Mr Willox puts it more bluntly: “What COVID showed us was that we all had too many eggs in a bamboo basket and we need to find some other kinds of baskets to put our eggs in.”

But it is wrong to suggest this is just focused on China. For instance, there is only one global supplier of fire retardant used by planes to try and douse summer bushfires – and they are based in the United States. Clearly it makes sense for an Australian manufacturer to scale up to supply this life-saving resource.

Chris Richardson, one of Australia’s leading economic commentators, backs a more interventionist approach and says there is even a case for “one or two factories to be Government-owned”. The Partner at Deloitte Access Economics mentions areas such as Defence and Health manufacturing but cautions that we can’t lose sight of the economic benefits flowing from trading with the world.

And what about China? Nearly 50 per cent of Australian exports are destined for China. Yet the Morrison Government appears on a collision course with the Chinese Government which has taken retaliatory action against Australian wine, beef and barley.

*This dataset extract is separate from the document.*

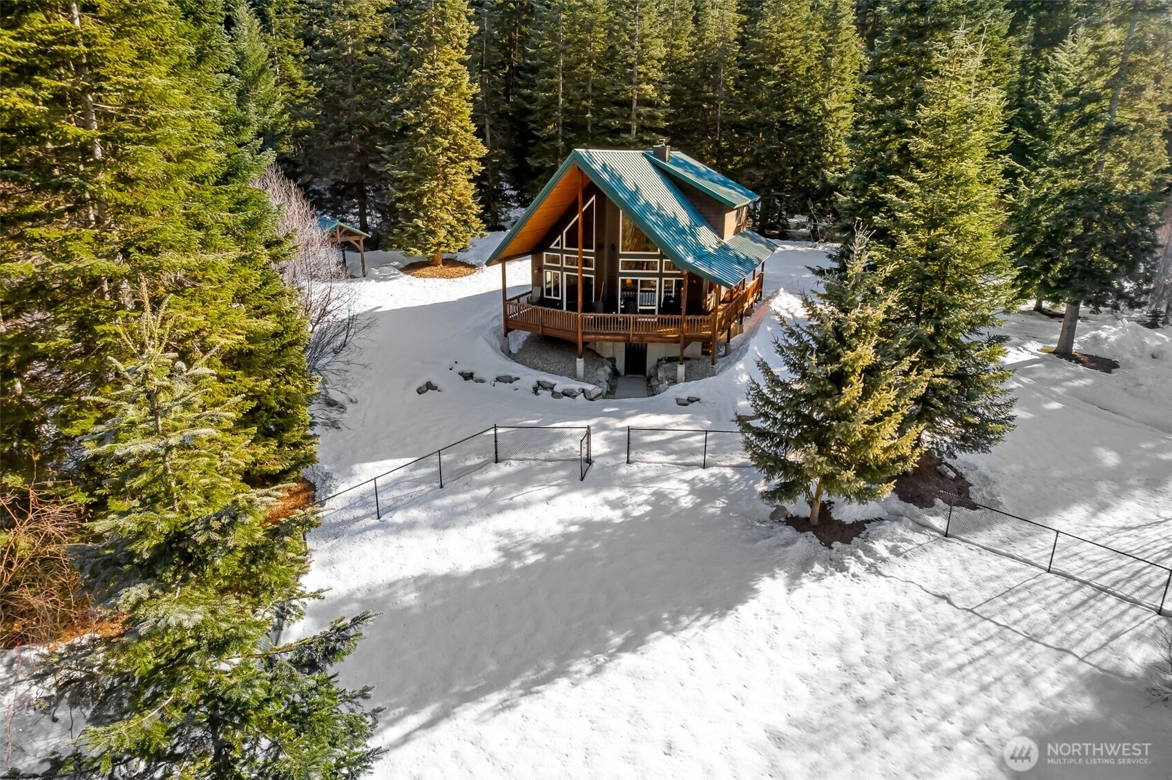 Tucked away on 2.5 secluded acres, this crafted mountain cabin offers privacy, quality & a true Pacific Northwest setting. Custom built by Rumann Homes, it backs directly to DNR land, creating a peaceful, protected backdrop & sense of seclusion. Inside, the home features hardwood floors, quartz countertops, rustic alder cabinetry & solid alder wood doors. The open living area is anchored by stunning blue pine tongue & groove vaulted ceilings, while heated bathroom floors add everyday luxury. The functional layout includes two bedrooms, a loft, generous storage, & a private primary suite. Outdoor living is a highlight. A wrap-around deck is complemented by concrete/paved walkways that frame the cabin, with river rock landscaping set over fabric for clean lines and low-maintenance living (firewise). Thoughtfully designed landscape lighting includes concrete/paved path lighting around the cabin & to pavilion, along with uplighting that accentuates several mature trees, creating a warm and inviting evening setting. A custom-built pavilion with flagstone floor & matching metal roof offers space for entertaining, gathering, or relaxing in the mountain environment. The property also includes a fenced dog run & a flat gravel area prepped for a future garage. Located just minutes from Leavenworth and Stevens Pass, this private retreat offers the ideal balance of mountain seclusion and convenient access. Perfect as a full-time residence, weekend escape, or legacy cabin. Sold Turnkey

Mr Richardson calls for cool and pragmatic heads to prevail. “We have traded a lot with China because there are great benefits to both sides. Those benefits are still there. The question is ‘are there security related risks that means we will need to consciously play safe, to not take full commercial advantage of some things?’ Now Government may want some things to change, in which case it has to put taxpayer money in there. Aside from that thought, they should be based on commercial decisions.”